2. Don’t confuse statistical with practical significance.

3. “Be wary of scholars using high-powered statistical techniques as a bludgeon to silence critics who are not specialists.”

4. “Don’t fall into the trap of thinking about an empirical finding as ‘right’ or ‘wrong.’ At best, data provide an imperfect guide.”

5. “Don’t mistake correlation for causation.”

6. “Always ask ‘so what?'”

I like all these points, especially #4, which I think doesn’t get said enough. As I wrote a few months ago, high-profile social science research aims for proof, not for understanding—and that’s a problem.

My addition to the list

If you compare my title above to that of Stevenson and Wolfers, you’ll find two differences. First, I changed “lies” to “errors.” I have no idea who’s lying, and I’m much more comfortable talking about errors. Second, I think they missed an even better, more general way to find mistakes:

7. Make your data and analysis public.

This is the best approach, because now you can have lots of strangers checking your work for free! This advice is also particularly appropriate for Reinhardt and Rogoff because, according to various reports (see here and here), it was years before they made their data available to outsiders. Nearly three years ago (!), Dean Baker wrote a column entitled, “It Would Be Helpful if Rogoff and Reinhart Made Their Data Available.”

Perhaps “the risk of forced disclosure” (as Keith O’Rourke puts it) will motivate researchers to be more careful in the future.

Your additions?

I told Wolfers I was going to link to his list and add my own #7. He replied that we’re probably missing #8, 9, and 10. In the comments, feel free to add your favorite ways to separate errors from statistics. Phil already gave some here.

36 thoughts on “7 ways to separate errors from statistics

  1. Strange that they missed 7, since they discuss finding an error in a code. Maybe they thought it goes without saying. Does your 7 include making code public?

  2. #8 Whenever possible use codes, packages and techniques with a large user-base and / or a long history. Use stable versions not the latest beta.

    An esoteric, specialized package may have a state-of-the-art method, speed, fancy visualization, or some such “cool” attraction. But resist it. You are less likely to get burnt by unknown software bugs.
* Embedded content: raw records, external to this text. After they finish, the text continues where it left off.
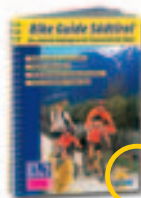
Fun Bike • Radwegeführer Fun Bike • Guida ciclabili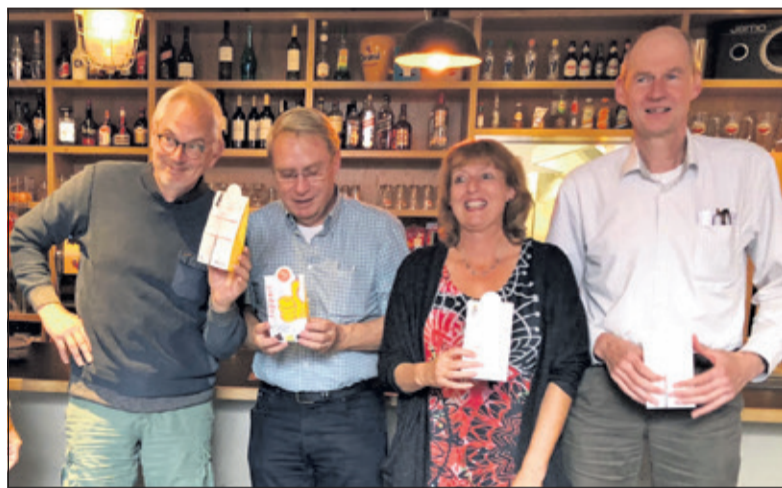
De extra prijs voor het viertal dat individueel het best gescoord had ging naar de Thuisbridgers van het RIVM.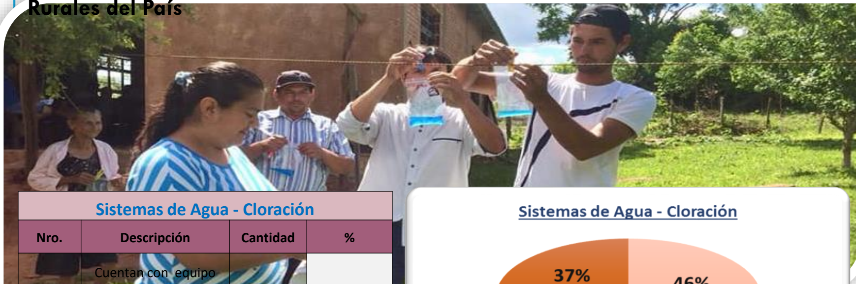
Sistemas de Agua - Cloración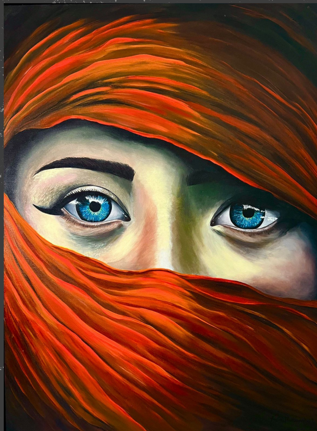
Olhar Azul Acrílica sobre tela 60 x 80 cm 2023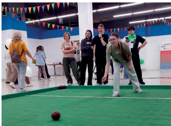
▲ На корте команда «Спортики»

Бочче – игра на выбывание. По механике – смесь боулинга и керлинга: спецплощадка (корт), прицельный заброс шаров и невероятный спортивный азарт. По итогу из 12 команд-участниц до финиша дошли три: игроки «Да!» взяли золото, «Стрекозы» – серебро, «Мирные» – бронзу.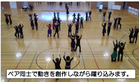
ペア同士で動きを創作しながら躍り込みます。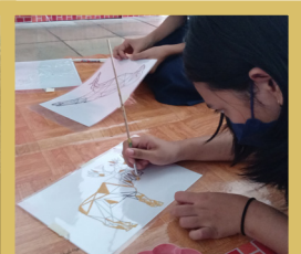
Kelas 7 - Melukis Fauna Geometris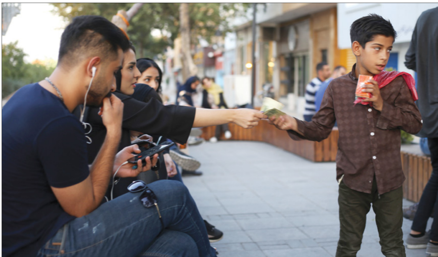
يبيع كعك في إيران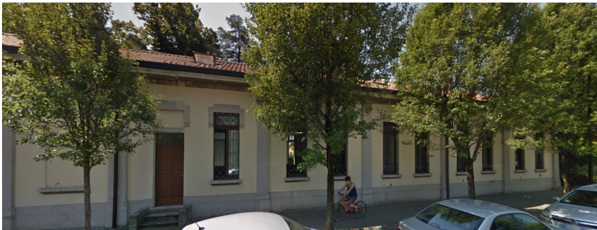
Esempio 2: Recupero di fabbricato industriale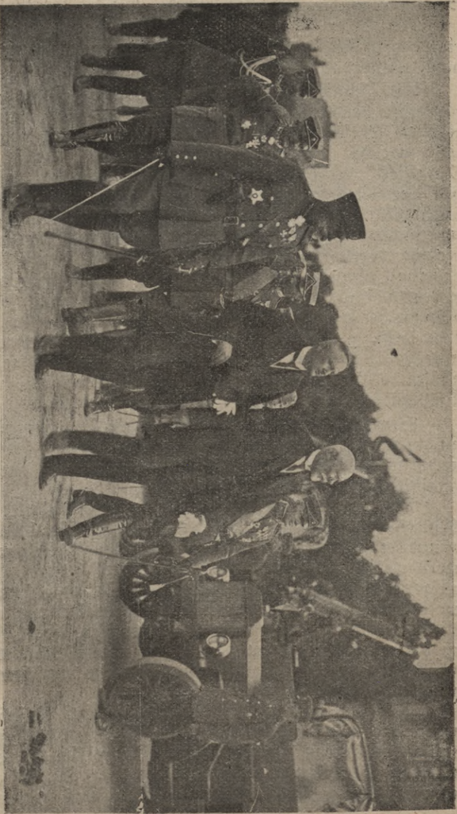
Swafis prezidents ar somu wešfem apfaiģā parades tāhritiba šahwošās karaspēģta daļās.

How much can you trust a code that has, say, only a hundred users or has been around for only a year?

    • Like Stan? :-)

      I would modify this to say something like “Try to replicate the findings using an alternative software package, and especially if your primary package is new and fancy but less debugged”

      Sometimes the advantages of a new package are so overwhelming that a result just couldn’t be gotten without it. I’m thinking of things like Lattice Boltzmann fluid dynamics packages that can do complex geometries, multi-phase fluid flow, and model non-newtonian fluids with heat transfer, surface wetting and etc. It’s just not reasonable to run Navier Stokes solvers on some of these problems.

      In the realm of more standard statistics maybe you come up with a really high quality statistical model that nevertheless winds up being multi-modal and mixes very slowly unless you have the fancy HMC sampler from Stan.

      If Stan or LB or whatever is 6 orders of magnitude faster than the alternative, you really don’t have any alternative!

  3. I am curious to hear more about *when* to make a specific data set publicly available. Note that I absolutely believe that it should be public once published.

    Are there issues of getting “scooped” in the working paper stage? Maybe less likely for a working paper, where one can show that their version was out first. But with so many researchers seeing the publication process as a game and competition, what is the proper balance between being able to provide one’s own findings AND one’s data for others to check publicly?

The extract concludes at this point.